■ Problem ■
Needed from the data below: all lines that contain the word "chǎn".

■ Data shown ■
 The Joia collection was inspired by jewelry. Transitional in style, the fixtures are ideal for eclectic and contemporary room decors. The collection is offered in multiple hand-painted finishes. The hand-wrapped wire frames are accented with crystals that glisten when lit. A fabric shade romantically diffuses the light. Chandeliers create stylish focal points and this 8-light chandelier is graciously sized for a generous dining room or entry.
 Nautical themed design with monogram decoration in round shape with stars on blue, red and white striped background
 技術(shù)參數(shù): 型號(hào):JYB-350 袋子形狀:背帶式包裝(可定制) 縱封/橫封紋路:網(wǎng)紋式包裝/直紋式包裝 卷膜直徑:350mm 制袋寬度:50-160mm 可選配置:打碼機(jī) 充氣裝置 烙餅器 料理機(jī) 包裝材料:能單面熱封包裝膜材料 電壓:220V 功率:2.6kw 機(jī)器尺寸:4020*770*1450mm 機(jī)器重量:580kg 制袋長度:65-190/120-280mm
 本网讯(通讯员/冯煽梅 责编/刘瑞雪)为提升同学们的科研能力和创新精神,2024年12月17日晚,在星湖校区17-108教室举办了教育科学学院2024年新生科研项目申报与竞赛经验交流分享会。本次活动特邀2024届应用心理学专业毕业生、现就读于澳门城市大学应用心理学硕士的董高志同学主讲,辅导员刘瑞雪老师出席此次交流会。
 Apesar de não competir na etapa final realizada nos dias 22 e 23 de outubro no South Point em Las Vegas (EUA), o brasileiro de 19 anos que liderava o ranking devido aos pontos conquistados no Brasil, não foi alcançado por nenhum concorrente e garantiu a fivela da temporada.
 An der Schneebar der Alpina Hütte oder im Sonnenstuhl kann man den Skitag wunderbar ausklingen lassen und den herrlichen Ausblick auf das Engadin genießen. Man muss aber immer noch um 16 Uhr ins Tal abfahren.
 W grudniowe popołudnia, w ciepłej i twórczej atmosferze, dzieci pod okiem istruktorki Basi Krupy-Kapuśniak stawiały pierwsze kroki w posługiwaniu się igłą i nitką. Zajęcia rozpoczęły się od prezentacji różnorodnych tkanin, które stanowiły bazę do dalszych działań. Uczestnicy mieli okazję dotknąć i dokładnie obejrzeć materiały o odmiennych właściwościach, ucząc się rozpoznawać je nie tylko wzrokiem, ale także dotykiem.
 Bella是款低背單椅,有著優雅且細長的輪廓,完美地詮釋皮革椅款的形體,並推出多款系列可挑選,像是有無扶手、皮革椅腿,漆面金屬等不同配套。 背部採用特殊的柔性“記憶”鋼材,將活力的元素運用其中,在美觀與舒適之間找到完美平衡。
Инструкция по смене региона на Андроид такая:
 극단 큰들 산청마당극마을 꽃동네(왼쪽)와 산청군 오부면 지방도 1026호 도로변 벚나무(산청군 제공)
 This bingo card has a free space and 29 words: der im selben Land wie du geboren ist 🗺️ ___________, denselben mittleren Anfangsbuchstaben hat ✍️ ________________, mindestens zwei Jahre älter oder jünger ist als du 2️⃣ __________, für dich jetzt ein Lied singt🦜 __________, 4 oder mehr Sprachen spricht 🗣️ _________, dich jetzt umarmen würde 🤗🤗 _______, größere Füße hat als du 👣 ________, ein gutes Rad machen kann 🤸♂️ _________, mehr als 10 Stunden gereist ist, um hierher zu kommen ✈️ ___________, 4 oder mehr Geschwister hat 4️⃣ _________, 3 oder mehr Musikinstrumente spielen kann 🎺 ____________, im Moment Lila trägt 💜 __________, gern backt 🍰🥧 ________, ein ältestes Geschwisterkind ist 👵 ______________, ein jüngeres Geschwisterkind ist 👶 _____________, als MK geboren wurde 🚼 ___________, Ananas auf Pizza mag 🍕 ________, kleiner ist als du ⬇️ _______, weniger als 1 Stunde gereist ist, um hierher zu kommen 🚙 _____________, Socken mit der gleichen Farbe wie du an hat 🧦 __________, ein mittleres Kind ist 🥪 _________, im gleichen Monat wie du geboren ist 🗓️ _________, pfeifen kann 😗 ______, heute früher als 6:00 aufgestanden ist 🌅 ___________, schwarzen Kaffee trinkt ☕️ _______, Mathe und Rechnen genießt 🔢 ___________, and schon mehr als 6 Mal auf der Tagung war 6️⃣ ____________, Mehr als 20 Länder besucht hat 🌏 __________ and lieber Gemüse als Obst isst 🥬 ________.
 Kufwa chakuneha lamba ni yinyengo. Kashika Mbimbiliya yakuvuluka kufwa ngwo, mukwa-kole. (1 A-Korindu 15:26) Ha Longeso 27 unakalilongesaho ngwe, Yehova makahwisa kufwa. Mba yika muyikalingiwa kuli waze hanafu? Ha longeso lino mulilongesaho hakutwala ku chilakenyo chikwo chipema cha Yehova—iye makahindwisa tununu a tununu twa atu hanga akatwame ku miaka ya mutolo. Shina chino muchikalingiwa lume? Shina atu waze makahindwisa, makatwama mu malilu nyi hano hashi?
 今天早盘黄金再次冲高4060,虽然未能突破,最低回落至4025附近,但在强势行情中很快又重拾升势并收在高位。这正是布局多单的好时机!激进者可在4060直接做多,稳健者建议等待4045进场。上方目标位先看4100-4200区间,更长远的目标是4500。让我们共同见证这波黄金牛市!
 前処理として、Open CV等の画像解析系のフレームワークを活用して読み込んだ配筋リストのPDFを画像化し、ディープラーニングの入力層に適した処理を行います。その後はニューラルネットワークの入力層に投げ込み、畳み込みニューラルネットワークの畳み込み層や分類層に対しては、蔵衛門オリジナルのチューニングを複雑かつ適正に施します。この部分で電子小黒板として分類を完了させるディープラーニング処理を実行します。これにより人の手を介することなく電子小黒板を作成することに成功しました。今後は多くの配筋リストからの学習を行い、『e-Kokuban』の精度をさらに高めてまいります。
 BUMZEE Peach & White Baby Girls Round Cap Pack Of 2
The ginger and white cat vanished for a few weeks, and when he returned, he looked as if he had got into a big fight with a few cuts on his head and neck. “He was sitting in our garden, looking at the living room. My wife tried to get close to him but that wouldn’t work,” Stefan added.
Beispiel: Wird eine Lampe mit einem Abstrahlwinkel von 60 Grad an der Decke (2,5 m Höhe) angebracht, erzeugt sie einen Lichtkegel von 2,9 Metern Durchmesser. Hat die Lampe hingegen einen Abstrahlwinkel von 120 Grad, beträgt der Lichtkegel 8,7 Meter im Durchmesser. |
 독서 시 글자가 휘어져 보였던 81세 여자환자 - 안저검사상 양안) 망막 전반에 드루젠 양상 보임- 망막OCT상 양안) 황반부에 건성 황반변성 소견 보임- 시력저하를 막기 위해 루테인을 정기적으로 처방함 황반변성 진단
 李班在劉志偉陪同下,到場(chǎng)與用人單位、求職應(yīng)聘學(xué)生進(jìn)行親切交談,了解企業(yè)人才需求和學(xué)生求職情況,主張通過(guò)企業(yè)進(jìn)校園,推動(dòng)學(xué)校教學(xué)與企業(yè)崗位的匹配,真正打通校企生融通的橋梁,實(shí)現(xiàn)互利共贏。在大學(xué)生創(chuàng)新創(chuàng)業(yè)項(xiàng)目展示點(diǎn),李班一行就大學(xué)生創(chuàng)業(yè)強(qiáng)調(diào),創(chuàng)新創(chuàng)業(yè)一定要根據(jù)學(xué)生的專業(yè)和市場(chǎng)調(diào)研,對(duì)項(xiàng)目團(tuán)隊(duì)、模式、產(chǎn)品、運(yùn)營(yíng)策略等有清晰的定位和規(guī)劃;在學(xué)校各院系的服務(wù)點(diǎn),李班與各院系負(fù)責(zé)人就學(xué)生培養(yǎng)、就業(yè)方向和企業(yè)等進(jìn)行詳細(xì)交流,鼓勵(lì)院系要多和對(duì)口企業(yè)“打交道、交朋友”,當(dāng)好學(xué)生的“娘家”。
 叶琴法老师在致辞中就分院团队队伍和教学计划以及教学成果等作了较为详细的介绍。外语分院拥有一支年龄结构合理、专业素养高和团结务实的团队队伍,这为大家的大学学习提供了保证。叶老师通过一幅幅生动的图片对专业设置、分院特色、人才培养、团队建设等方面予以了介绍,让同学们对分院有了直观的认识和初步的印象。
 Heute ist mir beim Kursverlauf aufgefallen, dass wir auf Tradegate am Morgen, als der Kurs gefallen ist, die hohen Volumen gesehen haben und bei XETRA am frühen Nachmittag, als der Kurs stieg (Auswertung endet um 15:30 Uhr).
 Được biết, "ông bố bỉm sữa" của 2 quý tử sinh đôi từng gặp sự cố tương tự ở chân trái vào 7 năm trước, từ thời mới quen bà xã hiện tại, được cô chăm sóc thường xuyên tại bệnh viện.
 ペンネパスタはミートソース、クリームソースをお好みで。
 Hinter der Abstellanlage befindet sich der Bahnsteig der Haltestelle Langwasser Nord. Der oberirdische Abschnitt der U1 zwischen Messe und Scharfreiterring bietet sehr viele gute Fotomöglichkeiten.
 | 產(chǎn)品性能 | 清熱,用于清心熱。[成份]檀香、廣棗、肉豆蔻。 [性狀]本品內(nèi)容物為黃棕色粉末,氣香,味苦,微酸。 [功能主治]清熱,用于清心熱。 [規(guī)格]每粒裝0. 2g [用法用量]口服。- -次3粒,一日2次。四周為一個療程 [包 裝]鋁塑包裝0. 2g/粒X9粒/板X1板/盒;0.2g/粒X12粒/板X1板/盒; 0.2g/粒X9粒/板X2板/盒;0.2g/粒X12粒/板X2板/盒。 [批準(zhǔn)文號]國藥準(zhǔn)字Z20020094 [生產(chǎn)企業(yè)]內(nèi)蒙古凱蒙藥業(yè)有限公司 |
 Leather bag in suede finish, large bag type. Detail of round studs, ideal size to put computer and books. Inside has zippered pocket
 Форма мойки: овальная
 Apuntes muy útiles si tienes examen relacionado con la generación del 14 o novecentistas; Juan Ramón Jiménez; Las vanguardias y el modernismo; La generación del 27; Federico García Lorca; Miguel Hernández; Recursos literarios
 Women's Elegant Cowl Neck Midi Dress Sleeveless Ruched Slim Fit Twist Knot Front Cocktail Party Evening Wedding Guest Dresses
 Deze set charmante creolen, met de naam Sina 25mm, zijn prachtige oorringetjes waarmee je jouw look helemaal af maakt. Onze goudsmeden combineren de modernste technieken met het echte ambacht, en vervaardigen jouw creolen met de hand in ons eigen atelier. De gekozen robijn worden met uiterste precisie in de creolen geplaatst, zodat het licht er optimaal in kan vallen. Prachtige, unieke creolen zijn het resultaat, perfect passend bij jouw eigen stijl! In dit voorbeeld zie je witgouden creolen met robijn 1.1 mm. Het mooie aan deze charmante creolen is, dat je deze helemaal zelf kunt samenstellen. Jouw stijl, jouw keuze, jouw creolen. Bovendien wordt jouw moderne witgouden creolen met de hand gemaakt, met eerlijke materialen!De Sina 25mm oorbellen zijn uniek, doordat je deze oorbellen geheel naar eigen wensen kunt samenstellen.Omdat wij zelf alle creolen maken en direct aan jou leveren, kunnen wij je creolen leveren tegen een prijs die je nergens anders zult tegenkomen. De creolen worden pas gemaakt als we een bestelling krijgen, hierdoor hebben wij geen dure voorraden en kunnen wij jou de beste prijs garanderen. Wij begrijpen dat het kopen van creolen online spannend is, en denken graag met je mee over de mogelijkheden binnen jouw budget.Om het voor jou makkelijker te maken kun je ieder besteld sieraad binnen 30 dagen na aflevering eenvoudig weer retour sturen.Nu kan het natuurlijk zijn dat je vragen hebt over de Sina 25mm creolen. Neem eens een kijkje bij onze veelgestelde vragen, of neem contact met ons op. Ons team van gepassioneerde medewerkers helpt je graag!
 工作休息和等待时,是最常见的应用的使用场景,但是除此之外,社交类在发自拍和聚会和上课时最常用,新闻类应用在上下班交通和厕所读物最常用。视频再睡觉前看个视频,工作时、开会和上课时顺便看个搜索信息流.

■ Exercise solution ■
 李班在劉志偉陪同下,到場(chǎng)與用人單位、求職應(yīng)聘學(xué)生進(jìn)行親切交談,了解企業(yè)人才需求和學(xué)生求職情況,主張通過(guò)企業(yè)進(jìn)校園,推動(dòng)學(xué)校教學(xué)與企業(yè)崗位的匹配,真正打通校企生融通的橋梁,實(shí)現(xiàn)互利共贏。在大學(xué)生創(chuàng)新創(chuàng)業(yè)項(xiàng)目展示點(diǎn),李班一行就大學(xué)生創(chuàng)業(yè)強(qiáng)調(diào),創(chuàng)新創(chuàng)業(yè)一定要根據(jù)學(xué)生的專業(yè)和市場(chǎng)調(diào)研,對(duì)項(xiàng)目團(tuán)隊(duì)、模式、產(chǎn)品、運(yùn)營(yíng)策略等有清晰的定位和規(guī)劃;在學(xué)校各院系的服務(wù)點(diǎn),李班與各院系負(fù)責(zé)人就學(xué)生培養(yǎng)、就業(yè)方向和企業(yè)等進(jìn)行詳細(xì)交流,鼓勵(lì)院系要多和對(duì)口企業(yè)“打交道、交朋友”,當(dāng)好學(xué)生的“娘家”。
 | 產(chǎn)品性能 | 清熱,用于清心熱。[成份]檀香、廣棗、肉豆蔻。 [性狀]本品內(nèi)容物為黃棕色粉末,氣香,味苦,微酸。 [功能主治]清熱,用于清心熱。 [規(guī)格]每粒裝0. 2g [用法用量]口服。- -次3粒,一日2次。四周為一個療程 [包 裝]鋁塑包裝0. 2g/粒X9粒/板X1板/盒;0.2g/粒X12粒/板X1板/盒; 0.2g/粒X9粒/板X2板/盒;0.2g/粒X12粒/板X2板/盒。 [批準(zhǔn)文號]國藥準(zhǔn)字Z20020094 [生產(chǎn)企業(yè)]內(nèi)蒙古凱蒙藥業(yè)有限公司 |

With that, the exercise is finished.